Assignment
The material below holds a span beginning at the line with "590 x 550 мм |" and ending at the line with "Квитки на Ірина". Quote that span exactly, both ends included, and only that span.

Excerpted records
-----

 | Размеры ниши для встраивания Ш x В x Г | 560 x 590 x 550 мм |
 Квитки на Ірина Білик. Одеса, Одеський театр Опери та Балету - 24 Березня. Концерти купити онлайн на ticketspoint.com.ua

-----

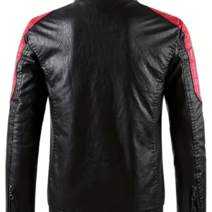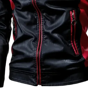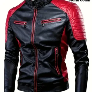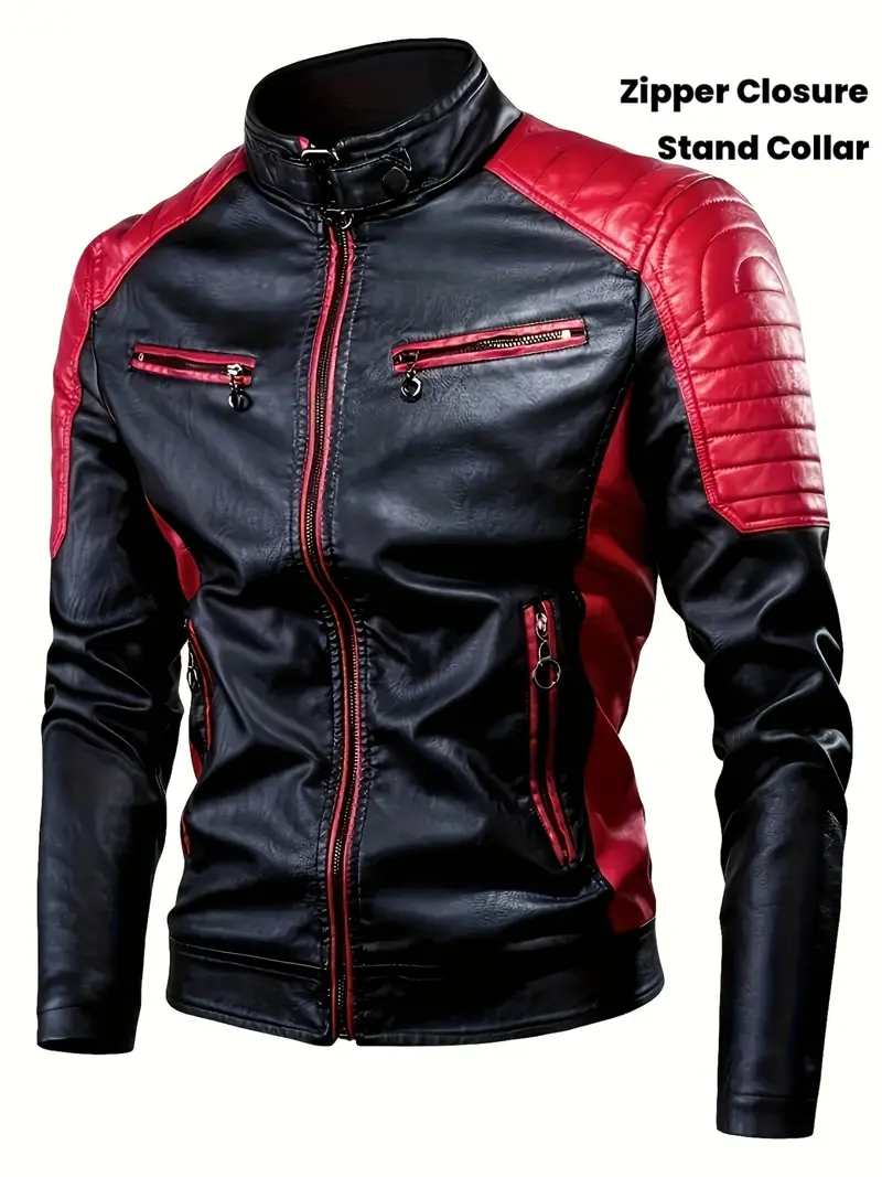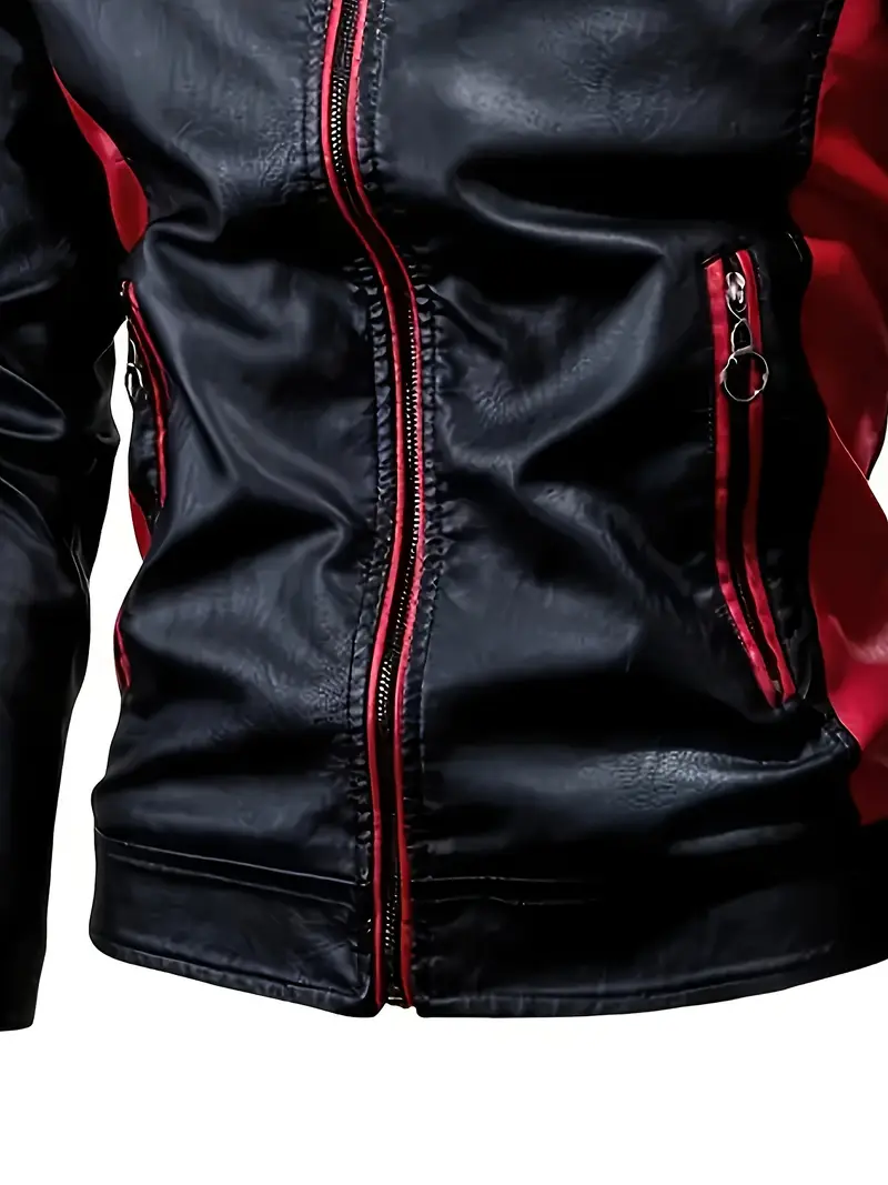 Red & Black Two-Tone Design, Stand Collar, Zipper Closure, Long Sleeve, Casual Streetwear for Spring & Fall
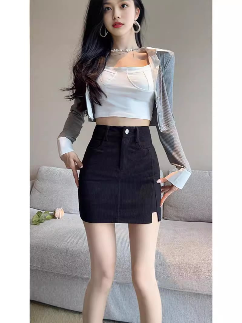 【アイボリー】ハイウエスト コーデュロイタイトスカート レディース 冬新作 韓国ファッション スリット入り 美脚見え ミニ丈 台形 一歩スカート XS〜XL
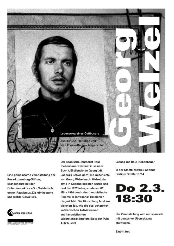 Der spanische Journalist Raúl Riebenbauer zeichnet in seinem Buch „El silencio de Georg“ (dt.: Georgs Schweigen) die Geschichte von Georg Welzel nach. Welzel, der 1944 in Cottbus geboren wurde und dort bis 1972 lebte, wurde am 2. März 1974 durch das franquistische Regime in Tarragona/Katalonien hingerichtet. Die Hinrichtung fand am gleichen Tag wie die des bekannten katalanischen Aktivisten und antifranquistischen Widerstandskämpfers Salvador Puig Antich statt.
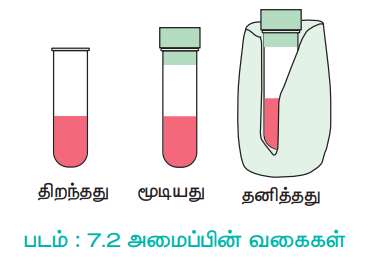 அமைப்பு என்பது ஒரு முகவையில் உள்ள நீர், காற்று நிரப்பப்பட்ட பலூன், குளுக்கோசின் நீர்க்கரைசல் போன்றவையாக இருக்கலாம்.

-----

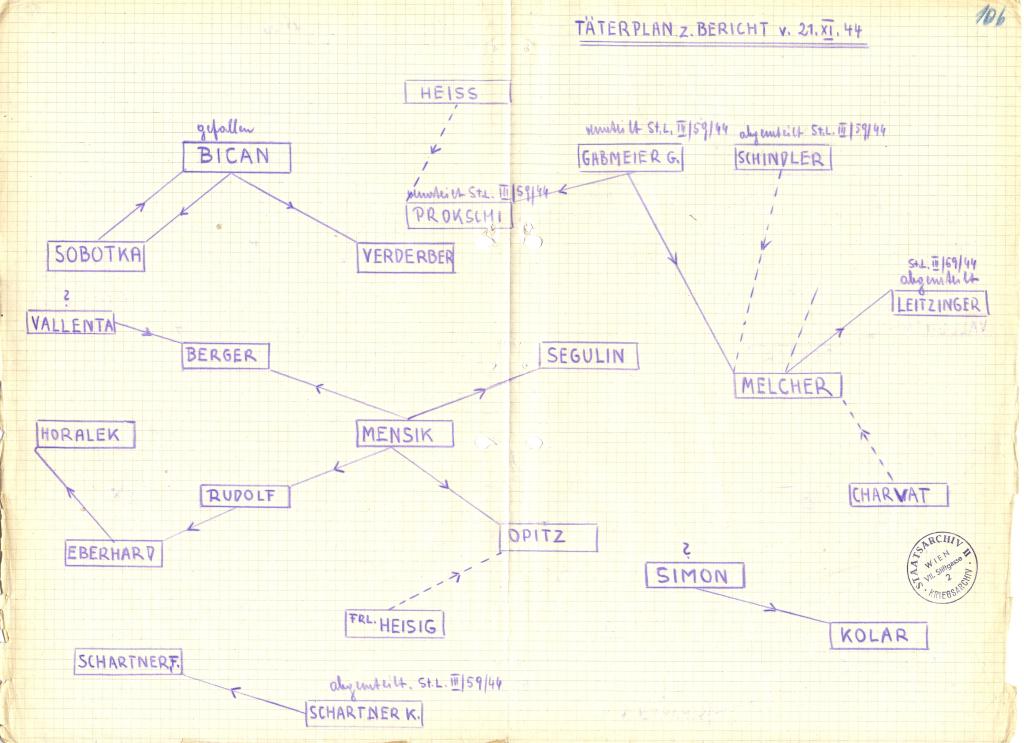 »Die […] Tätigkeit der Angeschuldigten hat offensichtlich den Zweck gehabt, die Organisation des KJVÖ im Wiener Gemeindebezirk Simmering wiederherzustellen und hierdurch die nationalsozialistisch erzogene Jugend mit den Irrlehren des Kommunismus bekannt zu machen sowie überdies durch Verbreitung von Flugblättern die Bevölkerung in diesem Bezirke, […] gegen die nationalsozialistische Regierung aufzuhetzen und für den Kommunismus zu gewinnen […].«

-----

Response
 | Размеры ниши для встраивания Ш x В x Г | 560 x 590 x 550 мм |
 Квитки на Ірина Білик. Одеса, Одеський театр Опери та Балету - 24 Березня. Концерти купити онлайн на ticketspoint.com.ua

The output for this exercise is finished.